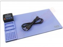
Tapete térmico de apertura mediante calor, CPB320
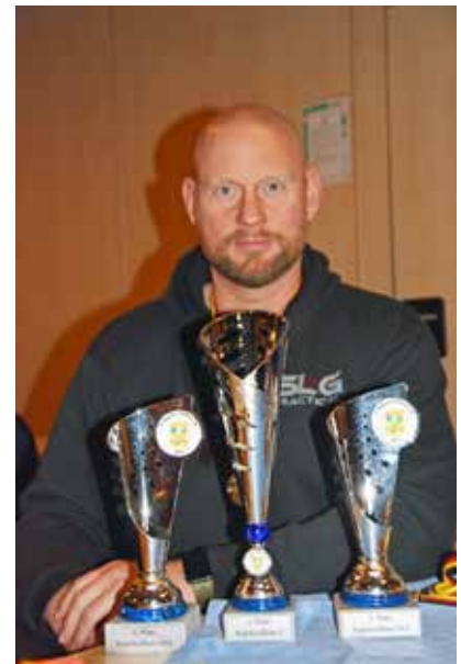
Die begehrten Pokale.
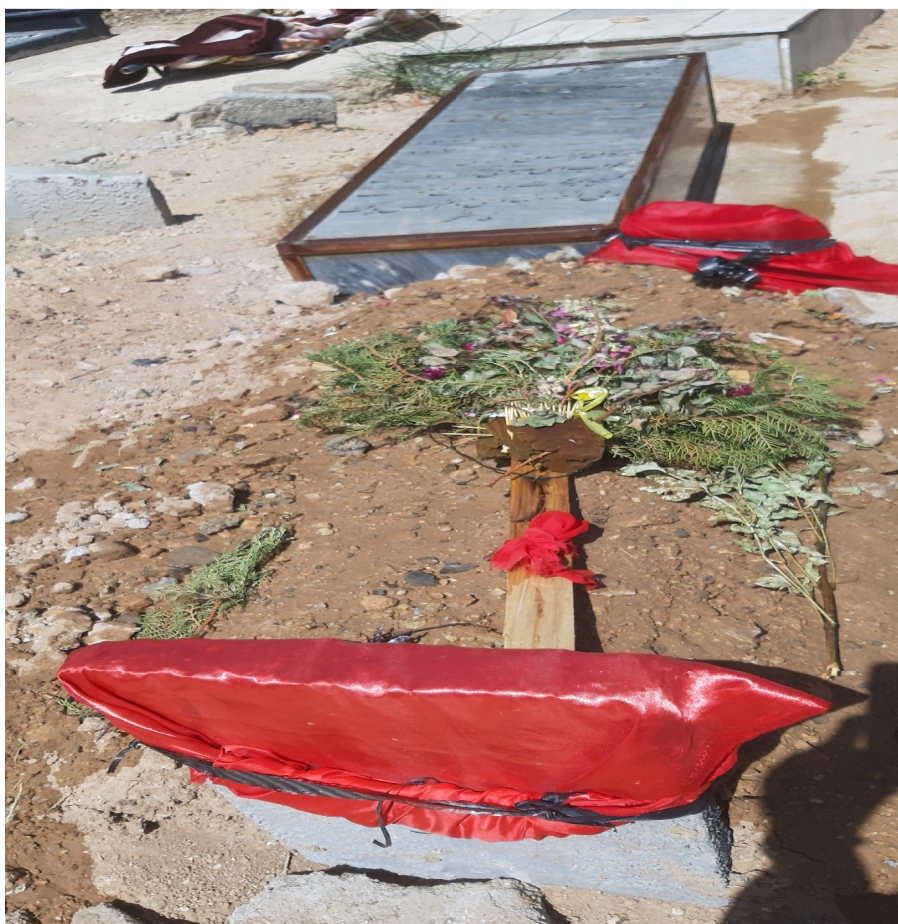
عکس ۲- قبر جوان مجرد، شجاع‌آباد، ۱۴۰۰

سینی را پارچه مشکی می کشیدند. ممکن بود هر کدام از اطرافیان و خویشاوندان نیز یک سینی به همان گونه که شرح داده شد درست می کردند و برای خانواده متوفی می آوردند. سینی را هر بار که به گورستان می رفتند با خود می بردند و روی قبر قرار می دادند بعد از اینکه مراسم تمام می شد کله قند را کنار متوفی خاک می کردند. سیب‌ها را نیز بروی قبر جا می گذاشتند. این رسم برای تمامی جوانان اعم از دختر و پسر انجام می شد. البته داغ پسر سنگین تر بود.

+ + + + +

EXERCISE AIM: Write out the material above exactly. Skip the pictures.

ANSWER TO THIS EXERCISE:
Tapete térmico de apertura mediante calor, CPB320
Die begehrten Pokale.
عکس ۲- قبر جوان مجرد، شجاع‌آباد، ۱۴۰۰

سینی را پارچه مشکی می کشیدند. ممکن بود هر کدام از اطرافیان و خویشاوندان نیز یک سینی به همان گونه که شرح داده شد درست می کردند و برای خانواده متوفی می آوردند. سینی را هر بار که به گورستان می رفتند با خود می بردند و روی قبر قرار می دادند بعد از اینکه مراسم تمام می شد کله قند را کنار متوفی خاک می کردند. سیب‌ها را نیز بروی قبر جا می گذاشتند. این رسم برای تمامی جوانان اعم از دختر و پسر انجام می شد. البته داغ پسر سنگین تر بود.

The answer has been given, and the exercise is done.